RogerDearnaley comments on Corrigibility Scales To Value Alignment

RogerDearnaley 15 Jan 2026 0:43 UTC
2 points
1
Does corrigibility make it harder to get such an international agreement, compared to alternative strategies? I can imagine an effect: the corrigible AI would serve the goals of just one principal, making it less trustworthy than, say, a constitutional AI. That effect seems hard to analyze. I expect that an AI will be able to mitigate that risk by a combination of being persuasive and being able to show that there are large risks to an arms race.
It’s easy to get a corrigible ASI not to use its persuasiveness on you: you tell it not to do that.
I think you need to think harder about that “hard to analyze” bit — it’s the fatal flaw (as in x-risk) of the corrigibility based approach. You don’t get behavior any wiser or more moral than the principal. And 2–4% of principals are sociopaths (the figures for tech titans and heads of authoritarian states may well be higher).
- Czynski 20 Feb 2026 17:45 UTC
  1 point
  0
  Parent
  That’s explicitly not a factor in the X-risk analysis for corrigibility; it’s not intended for general use by many principals.
  - RogerDearnaley 20 Feb 2026 18:16 UTC
    1 point
    0
    Parent
    If ASI of this type is used by a single unwise principal, then the obvious risk is dictatorship. If different instances of it are used by a small number of unwise principals, then the obvious risks are concentration of power and superintelligence-enabled conflict. If it’s use by a single cautious, wise and saintly principal, and if power doesn’t corrupt, then we’re probably fine.
    
    Which current head of state or foundation lab CEO are you envisaging?

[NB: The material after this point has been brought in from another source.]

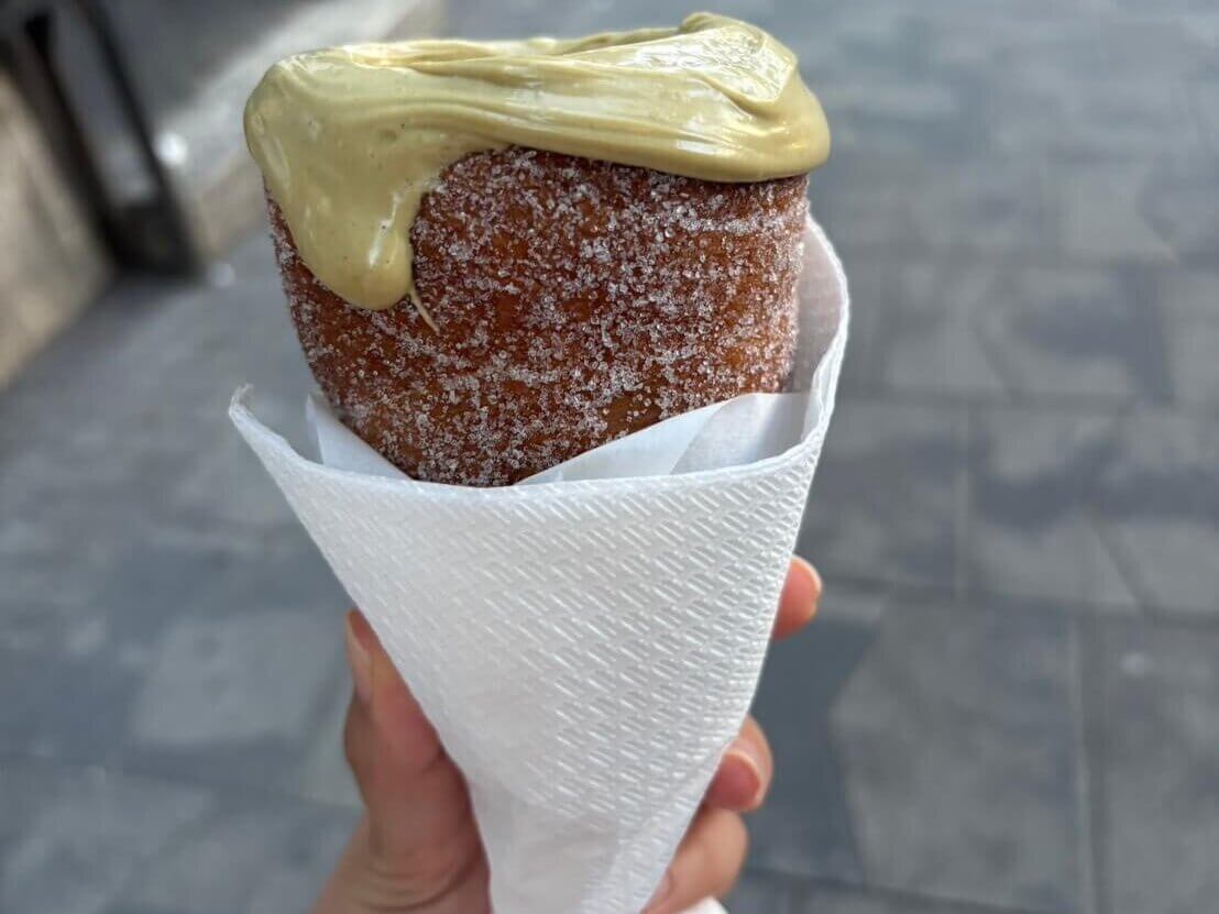 露店で購入した「クラフィン」は、クロワッサンとマフィンの中間のようなスイーツ。ピスタチオクリームが中にたっぷり入っていて、外はサクッと香ばしい。私は目に入った路面店で買いましたが作りたてでおいしく、値段も有名店よりかなり安かったです!

    - Czynski 23 Feb 2026 18:29 UTC
      1 point
      0
      Parent
      That’s, again, outside the X-risk model here. This is something that could succeed if entrusted to a trustworthy principal, unlike other methods where that would not be sufficient and there doesn’t seem to be a replacement of similar or lower difficulty that would be sufficient either. This is a method that, if it’s correct, reduces to a very difficult but ordinary human challenge.
      
      But if I’m forced to give a name, Amanda Askell.
      - RogerDearnaley 23 Feb 2026 19:53 UTC
        2 points
        0
        Parent
        Fair enough. But it’s very visible that Claude’s constitution treats corrigibility alignment and ethical alignment as both dangerous, and tries to compromise between them. In The Adolescence of Technology, Dario Amodei makes it very explicit why that is: he sees each as having is own risks and failure modes. And for corrigibility, those are misuse and consolidation of power. Which is pretty much the argument I was making, except that he doesn’t cover the warfare-between-AI-enhanced-principals aspect.